I encountered issues with each trial scan as I experimented with the math and code. At one point, I reversed the direction of the Azi motor to match the direction of theta. Now it goes CCW from 0-800 and then CW from 800 back to 0.

It occured to me that Alti does not start at any traditional axis (straight down or horizontal). Rather it starts at ~60 degrees =~133 steps from the straight down position. I tried offsetting the Alti values by 133 steps in both directions. The results were visually interesting, but continued to bare no resemblance to my room. I then tried compensating to the horizontal – it starts about 30 degrees below the horizontal -> 30/.45=66.66 -> NewAlti=Alti-66. With this setup, Alti’s max becomes 200 steps = 90 degrees, which should’ve worked out for the phi calculations, but was still a mess. After experimenting with these compensators for a while, I realized that I had inadvertently changed the output of the Arduino as the Azi motor moved when I reversed it. Instead of Azi counting from 0 to 800 and then back down to zero, it counted up to 800 and then restarted it’s counter at zero. The result was a strange mirroring effect that made the scans seem almost symmetrical.

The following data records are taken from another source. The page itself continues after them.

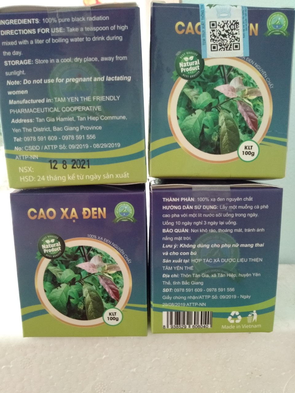 Sản phẩm cao xạ đen của HTX Dược liệu Thiện Tâm Yên Thế được sản xuất theo quy trình tiêu của HTX, cô đặc từ 100% thân cây, lá xạ đen nguyên chất không thêm phụ liệu, không chất bảo quản, đảm bảo chất lượng, an toàn vệ sinh thực phẩm. Sản xuất nguyên liệu chọn giống chuẩn được kiểm nghiệm chất lượng. Chọn đất sạch không bị ô nhiễm môi trường xa bãi rác thải vùng ô nhiễm công nghiệp, nông nghiệp, chăn nuôi, chế biến, giết mổ, đất nhiễm thuốc trừ sâu. Sau khi thu hoạch về nhặt sạch cỏ, rác sau đó đưa xạ đen nên dàn xịt nước cho thật sạch để cho ráo nước rồi mang đi băm và phơi khô sau đó mang vào nấu qua các công đoạn kéo dài trong bảy ngày bảy đêm, khi cao được thì đóng vào lo thủy tinh và dán tem sau đó cho vào hộp giấy. Cao Xạ Đen phải được nấu từ những cây xạ đen lâu năm từ 1 năm trở nên sẽ đem cho chất lượng tốt, các bạn không nên nấu những cây còn non khi thành cao sẽ không được chất lượng và trong quá trình nấu sẽ khó mất nhiều công sức.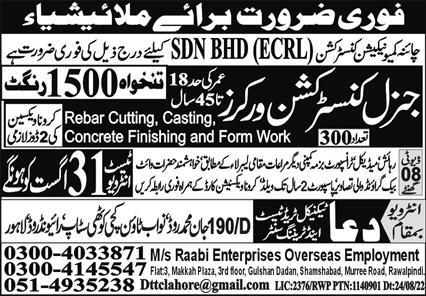 ua Technical Trade Test & Training Center Malaysia, malaysia Malaysia invites applications from eligible candidates for the post of construction worker and general construction worker as per advertisement of August 27, 2022 published in daily Express Newspaper. Preferred Education is Matric and Middle etc.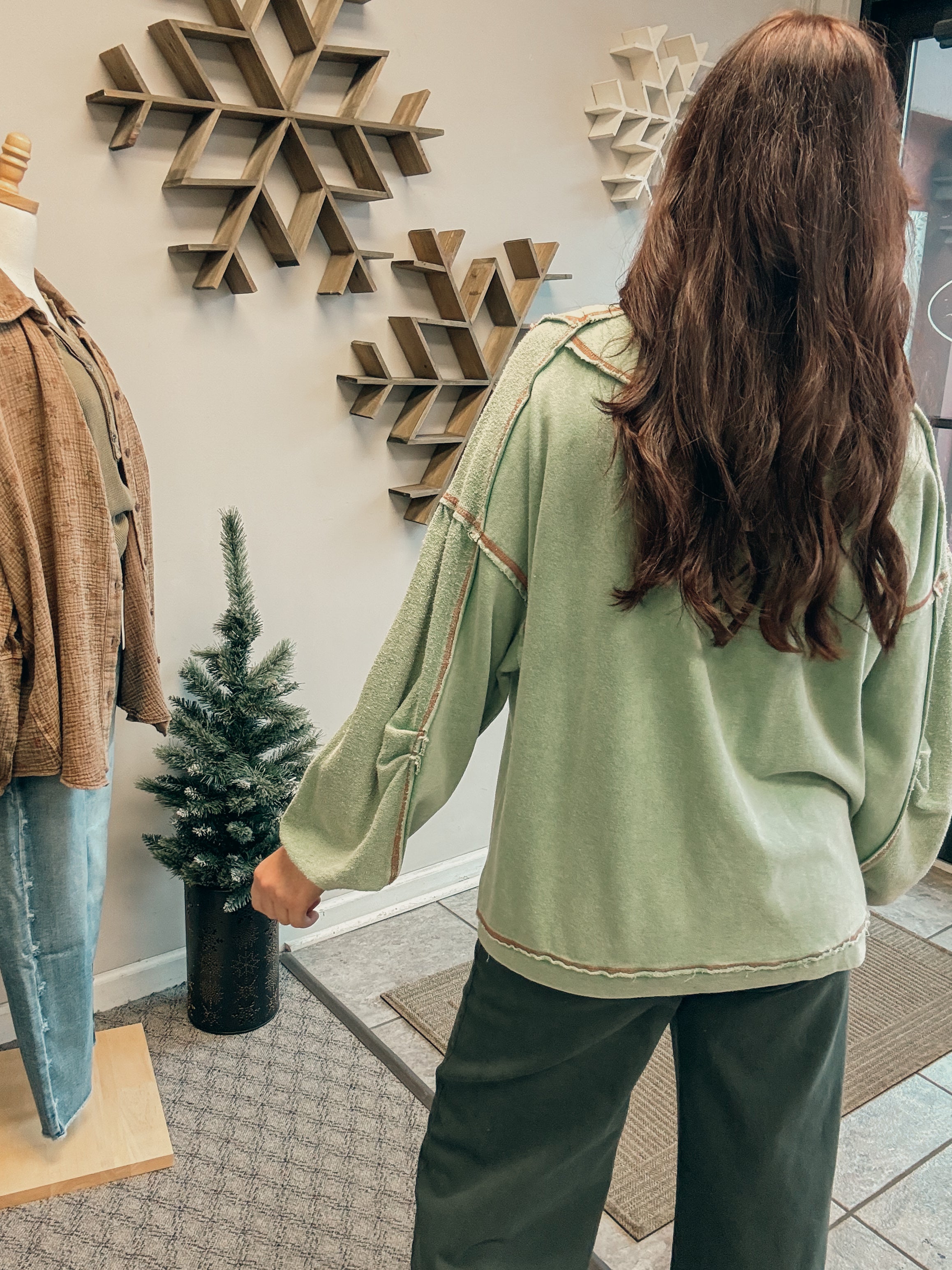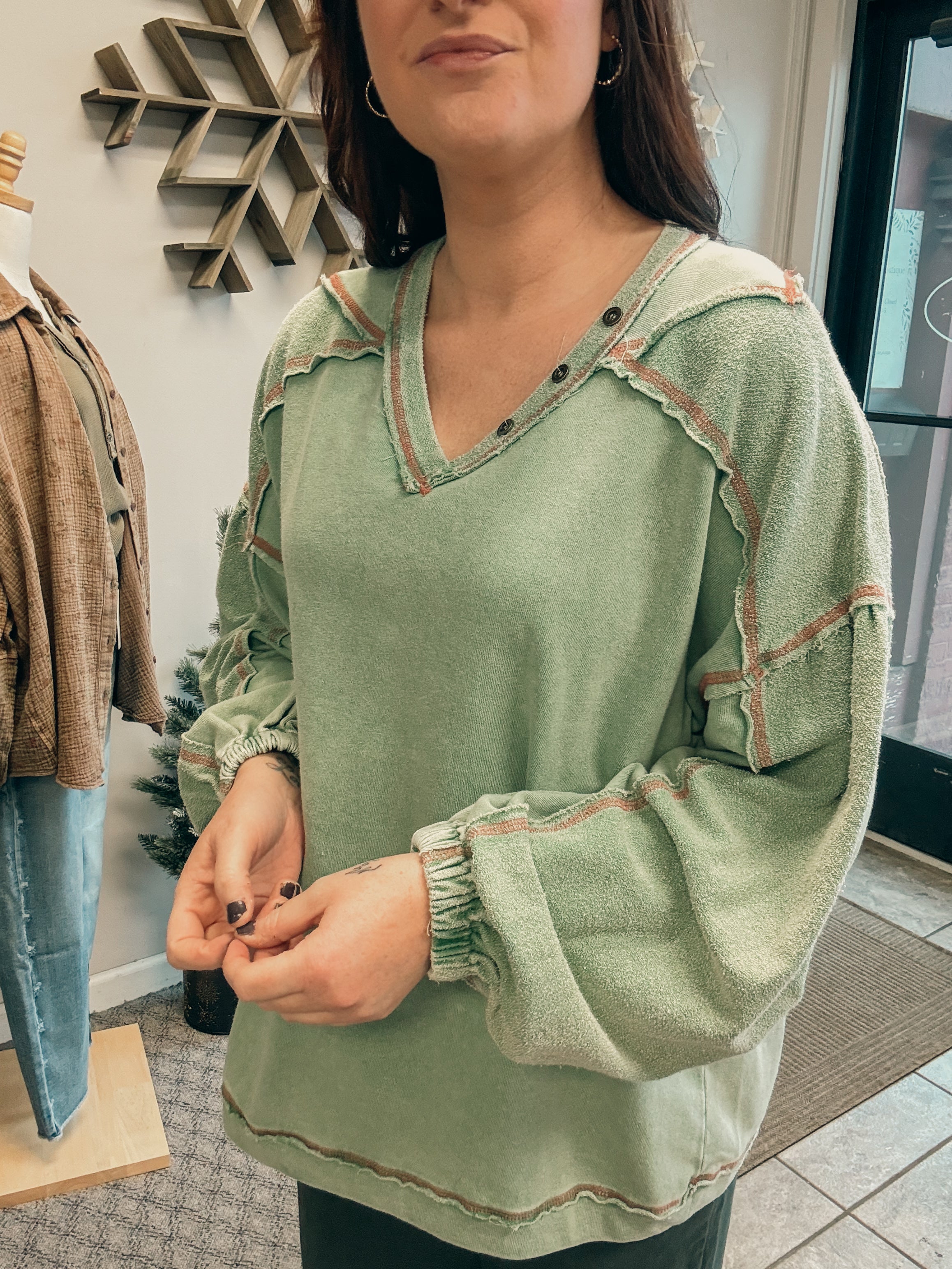-button details washed Terry pullover

As soon as I made this correction and did another scan, I was thrilled to see the point cloud actually align with the room I scanned.

So now:

AltiCorrected=Alti-67

Φ=90+(AltiCorrected*0.45)

θ=Azi*.45

x=r*sinΦ*cosθ

y=r*sinΦ*sinθ

z=r*cosΦ

Make sure to convert the angles to radians before inputting them in the trig functions (or otherwise use the trig functions in degree mode).

 

I’ve been testing the equations in a massive Excel spreadsheet. I copy the entire output of the Serial monitor and then paste it into predefined columns in the template, and then it does all the necessary math. Now that I know it works, I can work on automating a more streamlined method.

 

Serial Monitor does not log when my computer screen sleeps. I didn’t realize this at first and ended up with several scans missing significant sections of data. Caffeine for Mac is an easy way to keep the computer awake and avoid this issue.

Azi’s zero seems to slide as it scans – as a result, the “walls” tend to have diagonal, sloping edges. I still haven’t reprinted the motor 2 housing – that might be the issue. It’s kind of tricky to get a picture of the point cloud at an angle that makes it clear – the visualization is much easier to see with some movement. I made a short video showcasing the most complete point cloud I’ve gotten so far.

This point cloud is actually a mirrored representation of my space – I’ll have to play around with the calculations some more to get the “x” axis (*I’m just calling it x, I don’t actually know which way it’s flipped relative to the points yet) going the other direction.